We now know enough to write the first version of the cluster.conf file!

Install The Cluster Software

If you are using Red Hat Enterprise Linux, you will need to add the RHEL Server Optional (v. 6 64-bit x86_64) channel for each node in your cluster. You can do this in RHN by going the your subscription management page, clicking on each server, clicking on "Alter Channel Subscriptions", click to enable the RHEL Server Optional (v. 6 64-bit x86_64) channel and then by clicking on "Change Subscription".

This actual installation is simple, just use yum to install cman.

yum install cman

This will pull in a good number of dependencies.

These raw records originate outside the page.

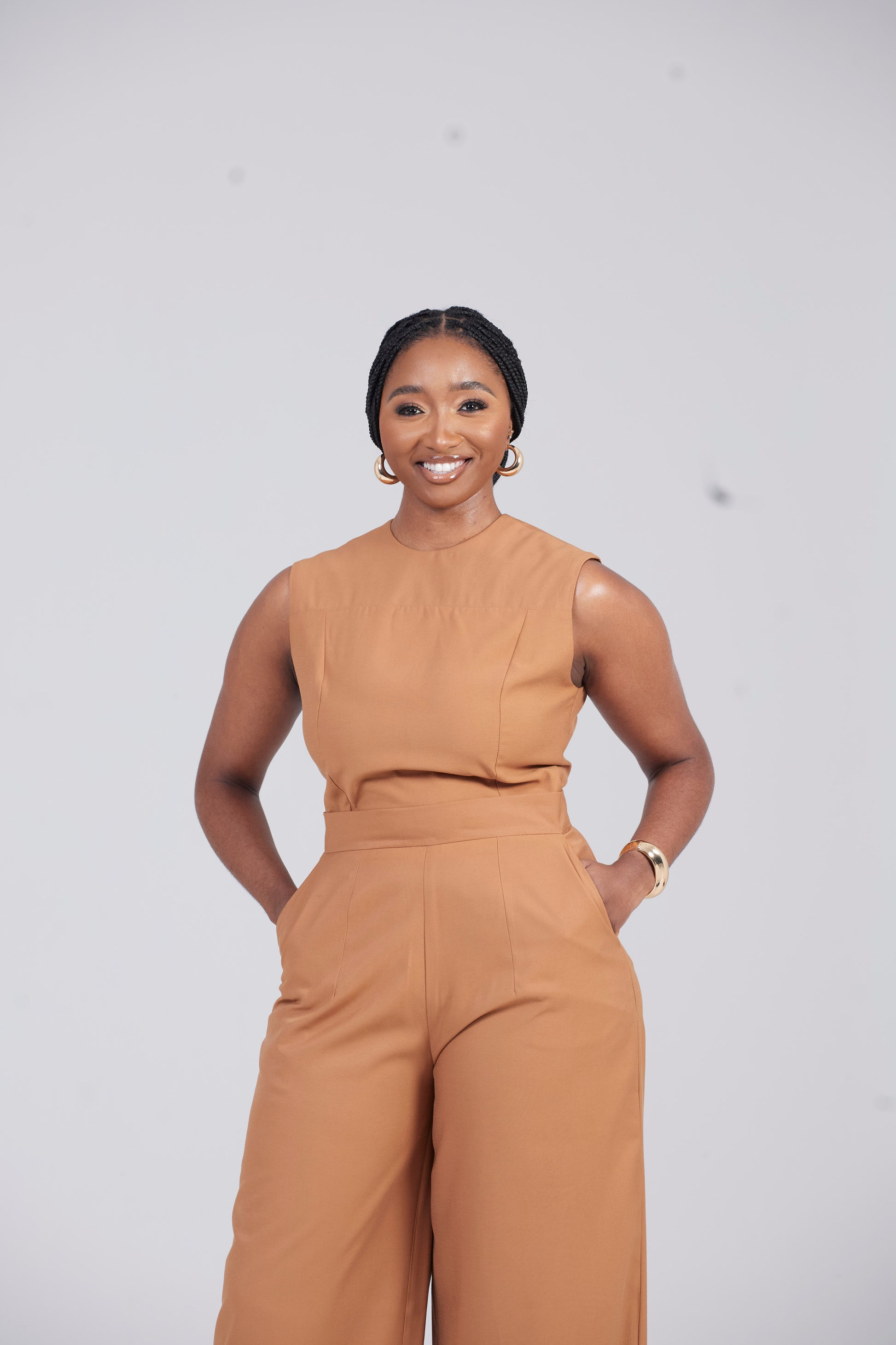 Elevate your workwear with our Eden Blouse in rich Caramel. This sleeveless, tailored blouse offers a perfect fit, making it an essential piece for your summer wardrobe. Pair it effortlessly with our Eden Trousers for a sophisticated and polished look. Upgrade your style with our premium Eden set.
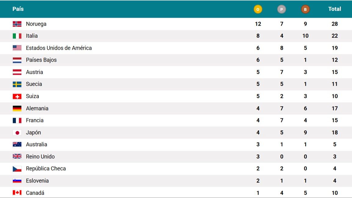 Noruega lidera el ránking con 28 preseas: 12 oros, 7 platas y 9 bronces.
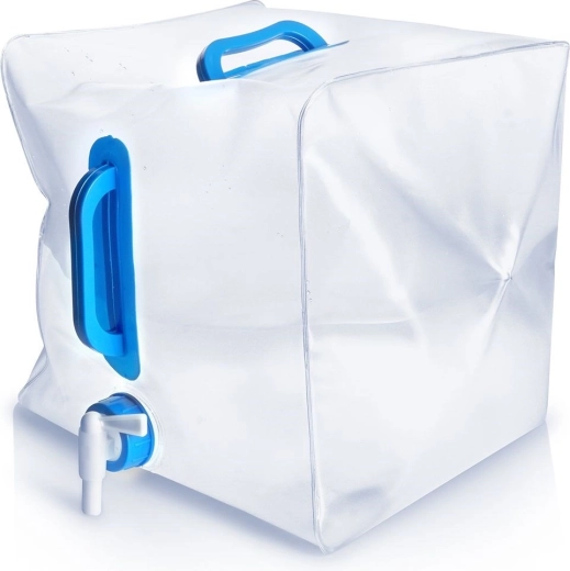 Skládací kanystr na pitnou vodu s objemem 20 litrů je vyroben z kvalitního transparentního plastu, který je odolný a zároveň lehký. Vestavěný kohoutek umožňuje kontrolované nalévání bez rozlévání a ergonomická madla usnadňují přenášení i plný zásobník.

For now, we do not want the cluster manager to start on boot. We'll turn it off and disable the service until we are finished testing.

chkconfig cman off
/etc/init.d/cman stop
   Leaving fence domain...                                 [  OK  ]
   Stopping gfs_controld...                                [  OK  ]
   Stopping dlm_controld...                                [  OK  ]
   Stopping fenced...                                      [  OK  ]
   Stopping cman...                                        [  OK  ]
   Unloading kernel modules...                             [  OK  ]
   Unmounting configfs...                                  [  OK  ]

Configuring And Testing Fence Devices

Before we can look at the cluster configuration, we first need to make sure the fence devices are setup and working properly. We're going to setup IPMI on either node and a Node Assassin fence device. If you only use one, you can safely ignore the other for now. If you use a different fence device, please consult the manufacturer's documentation. Better yet, contribute the setup to this document!

Configure And Test IPMI

IPMI requires having a system board with an IPMI baseboard management controller, known as a BMC. IPMI is often the underlying technology used by many OEM-branded remote access tools. If you don't see a specific fence agent for your server's remote access application, experiment with generic IPMI tools.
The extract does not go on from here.